Вначале это известие обескуражило Наргинского, но уже ничто не могло заглушить в нём азарт охотника, страсть сыщика. Уже на следующий день он выехал в Москву. Жена Короля жила в девятиэтажке рядом с панорамой «Бородино». В двух комнатной квартире с крохотной кухонькой, всё свободное пространство которой она заполняла своим довольно подвижным пышным  телом, увенчанным курчавой головкой с двойным подбородком и чуть прищуренными в тайной печали карими глазами.

- Не знаю с чего начать. Это так ужасно и страшно. Хотя прошло столько лет…- Она нервно теребила фартук с крупными красными маками и казалось пальцы её обрывают с них лепестки.- Я с ним познакомилась в Новосибирске. У меня там была преддипломная практика. Герман  в то время уже был начальником цеха...Ну что сказать- любовь с первого взгляда.

 Прожили мы всего лишь полтора года...В 68 его арестовали. Сумасшедший, додумался протестовать против ввода наших войск в Прагу. Посадили его в психушку. Встречи, передачи запрещены- заявили, что он невменяем и подлежит длительному лечению. Пять лет я ждала...Жизнь своё берёт. Вышла замуж. У нас двое детей.

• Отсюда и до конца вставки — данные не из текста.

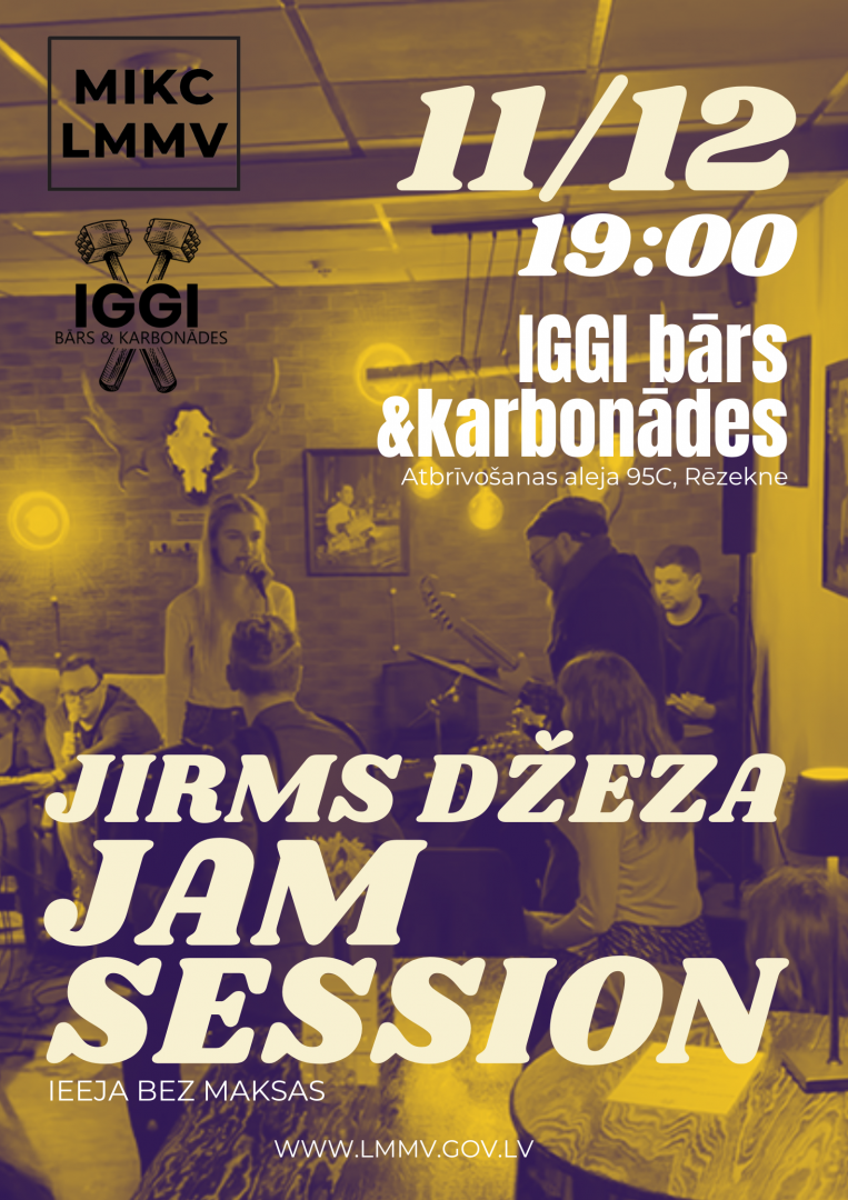 11.decembrī plkst.19.00 "IGGI bārs & karbonādes" notiks JIRMS Džeza Jam Session (džemsesija). Tajā improvizēs MIKC LMMV Jāņa Ivanova Rēzeknes mūzikas skolas IP Mūzika (Džeza un mūsdienu ritma mūzika) audzēkņi un pedagogi.

  Понимаете, Всеволод Викторович я смирилась с потерей. Была уверена, что его в живых нет… А в прошлом году, господи, что я пережила. –Она судорожно вздохнула.- Не поверите, но я получила от него письмо. 18 лет молчал и вдруг…Подумайте только – 18 лет!.. и вдруг – объявился.

 Письмо махонькое, несколько строк, как я и что я. О себе ни  слова. Адреса не оставил, представляете, я только по почтовому штампу узнала, что письмо из Чебоксар. Что он хотел от меня, не поняла.
 Поездка в Москву оказалась напрасной и оставила в душе Наргинского гнетущее, тяжёлое впечатление.

 Он вернулся в Архангельск. После вылизанных, очищенных от снега  московских улиц, город заваленный сугробами выглядел мрачно, угрюмо, настороженно. Такое же настроение надолго овладело Наргинским. Всё складывалось не так, как он замышлял. Если встреча с Агелевым дала толчок к дальнейшему расследованию, то московская поездка не только разочаровала, но и остудила порыв  к   торжеству справедливости.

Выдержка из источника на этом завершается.